The low-down on head lice

Around 10 years ago, my family got head lice—and I thought we might have them forever.

I will never forget it. My head had been itchy for a while; I tried dandruff shampoo but it didn’t help. One day, desperate with itching, I asked a colleague at work if she’d check my scalp for me. “Claire,” she said, “you’ve got head lice.” I called home, and told my husband to check himself and the kids. They were infested too.

By the time I got home, my husband had bought permethrin cream rinse and treated everyone. I immediately globbed the stuff on my scalp for the allotted time and used the little plastic comb in the box, combing out some of the nits (and lots of creepy-crawly black bugs). We washed all the bedding and clothes, scrubbed all the brushes and combs, tossed the stuffed animals in the dryer. We were relieved—but within a day or two, it was clear that we were still infested. A week later, according to the instructions (and what I’d learned in medical school), we did it again—to no avail. Those bugs were undaunted; they had no intention of leaving our heads.

Our experience is becoming remarkably common. Head lice have been around for thousands of years (they’ve been found on Egyptian mummies); they are strong, resourceful little buggers, and develop resistance to chemicals used to get rid of them. Which doesn’t mean you shouldn’t try pyrethrin or permethrin, the treatments you can pick up at the drug store; it just means that you shouldn’t be surprised if they don’t work.

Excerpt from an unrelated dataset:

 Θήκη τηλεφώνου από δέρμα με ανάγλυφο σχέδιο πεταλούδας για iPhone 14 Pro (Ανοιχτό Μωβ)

We get head lice from other people with head lice—head-to-head contact does it best, but they can also be spread by shared combs, brushes, hats, or other head accessories. They can hang out on bedding or upholstered furniture for a short time, so it’s easy for them to spread within a household. While they don’t fly or jump, kids at school (especially preschool or elementary school) often get close enough and share things enough that outbreaks are common. And until they are gone from everyone, they can keep spreading. Each female louse lays around 100 eggs, that hatch eight days later; once those lice start laying and hatching, well, you can imagine the math (I’m getting itchy again writing this!).

So it’s not surprising that people would go looking for stronger and better cures for head lice, and this month there was a study published about two of them: malathion, an insecticide, and ivermectin, an antiparasitic drug. The researchers used them on people who still had head lice two to six weeks after using permethrin or pyrethrin (my family would have qualified!), and found that 85 percent of the malathion group got rid of their lice, and 92.5 percent of the ivermectin group got rid of theirs.

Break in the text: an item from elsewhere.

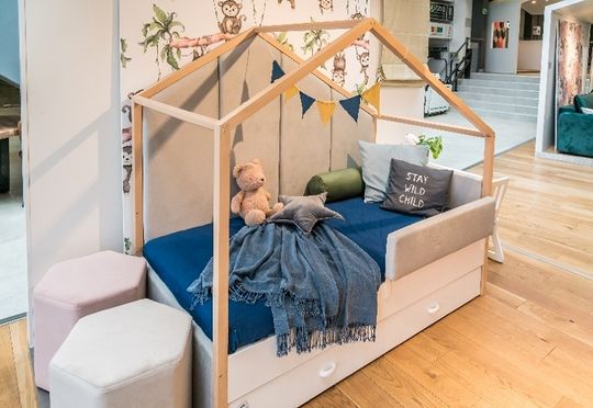 Drygą aranżację zdominowały klimaty dziecięce w jasnej tonacji i prostej, skandynawskiej konstrukcji, uzupełnione o delikatny akcent w intensywnej kolorystyce. Bazę meblową tworzy kolekcja dziecięca marki MEBLIK w bieli i drewnie, której prostotę konstrukcji łagodzą lekkie reliefy na frontach. Oczywiście nie może obyć się bez łóżka z konstrukcyjną nastawką w formie domku, który stanowi idealny plac zabaw dla dziecka. W podstawę łózka wbudowane zostały pojemne szuflady, które zgromadzą wszystkie skarby malucha i pozwolą utrzymać porządek.

Sounds great, right? Well, there are two problems to consider. First, as we’ve said, head lice are resourceful creatures. If we start using these treatments frequently, it’s likely that the lice will begin to be resistant to them (the researchers were careful to point out that these treatments should be reserved for cases where nothing else has worked). Second, and more importantly, both malathion and ivermectin can be toxic—usually just if used incorrectly, but even correct use could cause side effects in some people.

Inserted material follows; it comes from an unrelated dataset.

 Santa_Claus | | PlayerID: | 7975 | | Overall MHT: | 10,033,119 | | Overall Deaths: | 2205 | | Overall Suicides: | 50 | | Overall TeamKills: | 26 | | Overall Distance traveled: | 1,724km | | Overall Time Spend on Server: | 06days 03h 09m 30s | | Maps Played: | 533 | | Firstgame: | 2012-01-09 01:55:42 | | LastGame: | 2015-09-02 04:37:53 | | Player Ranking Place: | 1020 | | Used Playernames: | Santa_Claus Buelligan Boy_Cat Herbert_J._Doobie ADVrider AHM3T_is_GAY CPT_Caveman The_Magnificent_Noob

So what do you do if your child (or your family) has lice? There are lots of remedies out there, most of which don’t work or are dangerous (and some of which, like petroleum jelly, can be very messy). The Harvard School of Public Health has lots of great information on remedies (and on head lice in general), but what I recommend, and what ultimately did the trick for us, is the simplest treatment of all: combing. It’s not a quick fix, but it works. Here’s what you need to do:

  • Buy a good lice comb, one with long, metal tines that are very close together (drug stores and pet stores sell them).

  • Get out any tangles before you get started, or the lice comb will just get stuck. Detangling spray can help; if you do the whole thing in the tub, putting conditioner on the hair helps the comb go through (and you can rinse out the conditioner afterward).

  • Separate the hair into sections. Start at the scalp where the bugs and live eggs are, and comb through to the end. Rinse or wipe the comb after each pass (check to see what you got first).

  • Comb every day until you haven’t seen any eggs or live bugs for at least eight to 10 days (since that’s how long it takes an egg to hatch).

Not only is this approach completely non-toxic, if you go at it with the right attitude (i.e. a fun and patient one), it can be quality family time! Try telling stories (you can take turns adding to them) or making up songs—or just use it as a time to catch up and find out what’s going on in your child’s life. That’s what we did, and after two weeks of bonding—I mean combing—we were finally lice-free.